Goldberg, Hollender, Igarashi, Manurangsi and Suksompong study sharing minimization in consensus-splitting. They prove that, for agents with additive utilities, there is a polynomial-time algorithm for computing a consensus halving with at most n sharings, and for computing a consensus k-division with at most (k−1)n cuts. But sharing minimization is NP-hard: for any fixed n, it is NP-hard to distinguish between an instance that requires n sharings and an instance that requires 0 sharings. Probabilistically, n sharings are almost surely necessary for consensus halving when agents' utilities are drawn from probabilistic distributions. For agents with non-additive monotone utilities, consensus halving is PPAD-hard, but there are polynomial-time algorithms for a fixed number of agents.
Bismuth, Makarov, Shapira and Segal-Halevi study fair allocation with identical valuations, which is equivalent to Identical-machines scheduling, and also the more general setting of Uniform-machines scheduling.

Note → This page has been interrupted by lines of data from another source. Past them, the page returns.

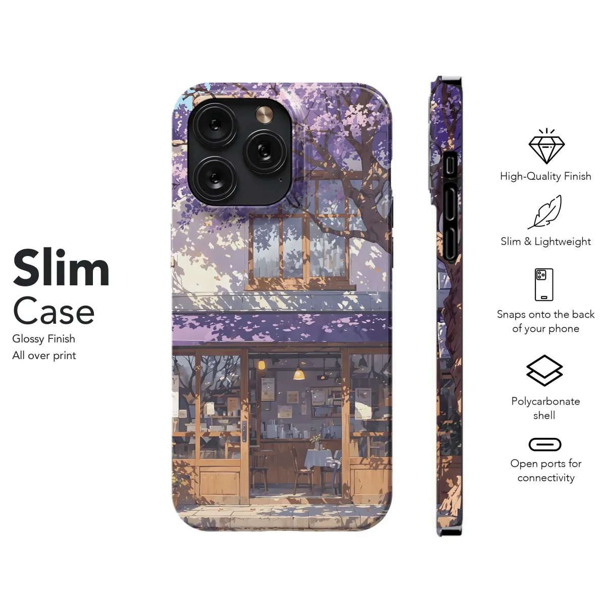 Purple Tree Cafe phone case. Stylish protection for your iPhone, Samsung, or Pixel. Durable & unique. Get yours today!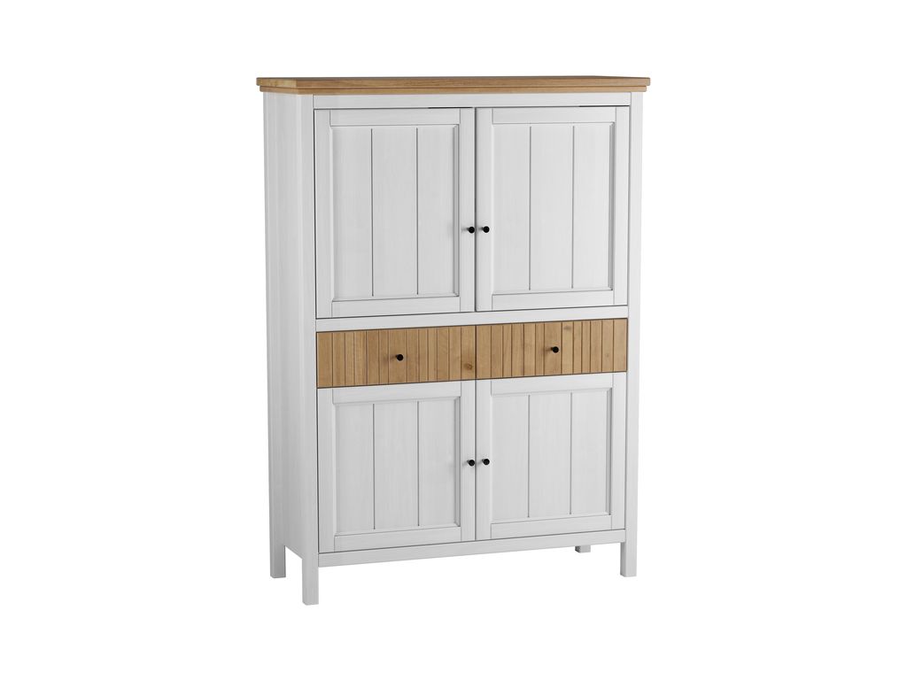 Тумба имеет два ящика на шариковых направляющих и четыре глухие дверки, за каждой дверкой расположена полка.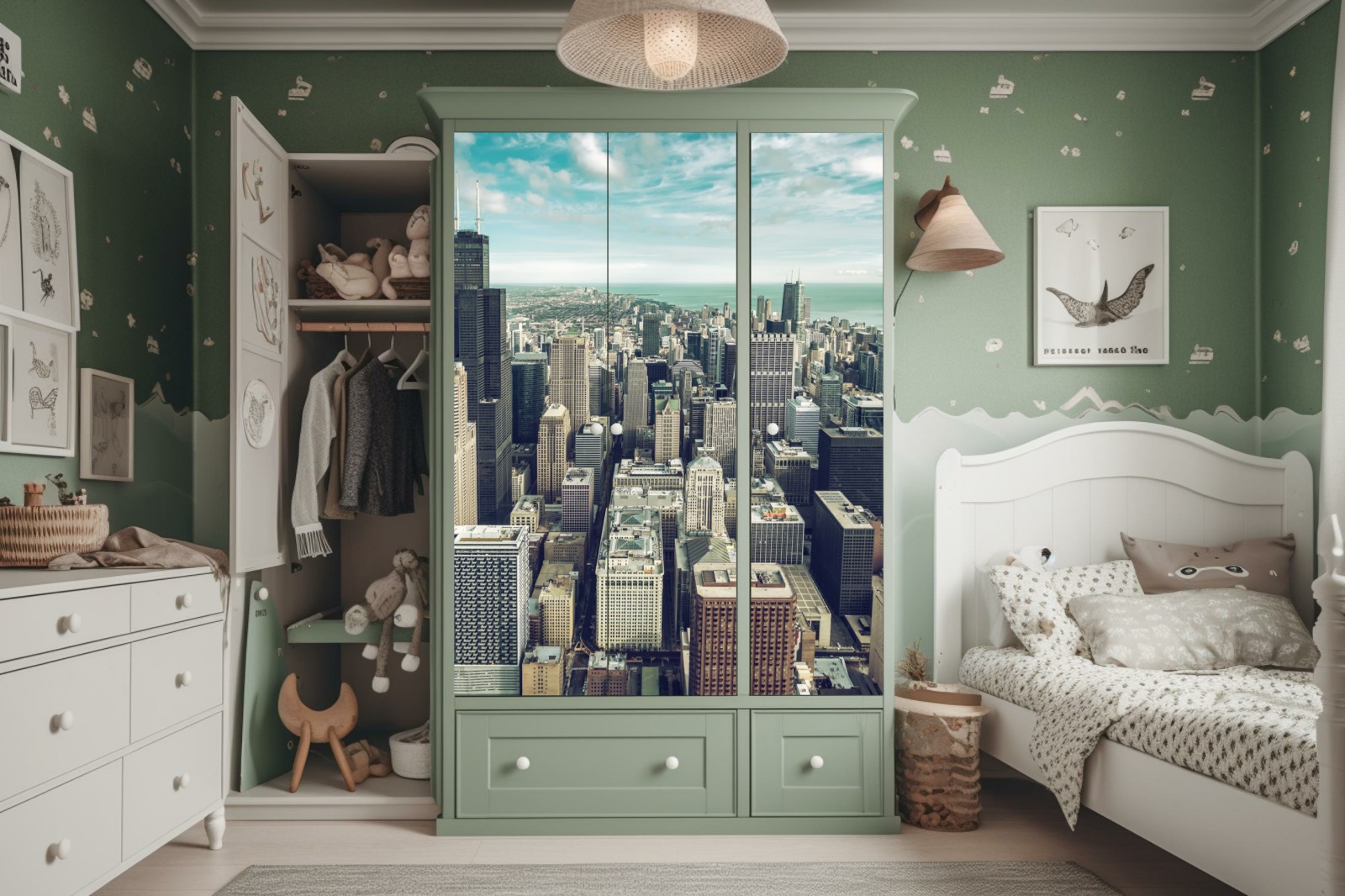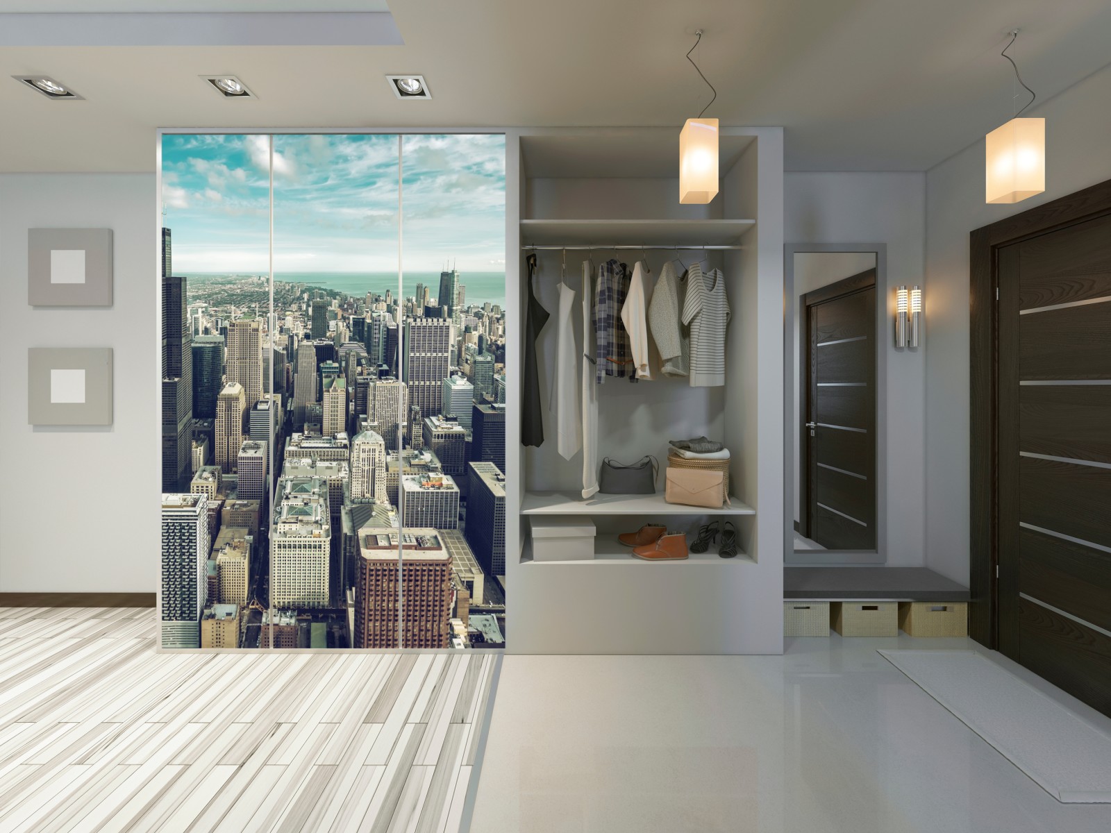 Beeindruckende Luftaufnahme der Chicagoer Skyline in türkis-vintagetönen, perfekt, um modernen Räumen urbanen Charakter zu verleihen.

They study the run-time complexity of deciding the existence of a fair allocation with s sharings or shared objects, where s is smaller than the worst-case upper bound of n−1. They prove that, for sharings, the problem is NP-hard for any s ≤ n−2; but for shared objects and n ≥ 3, the problem is polynomial for s = n−2 and NP-hard for any s ≤ n−3. When n is not fixed, the problem is strongly NP-hard.
Bismuth, Bliznets and Segal-Halevi also study the run-time complexity of deciding the existence of a fair allocation with s sharings or shared objects, where the valuations are not identical but have other structural properties (binary valuations, equal-sum generalized-binary valuations, or non-degenerate).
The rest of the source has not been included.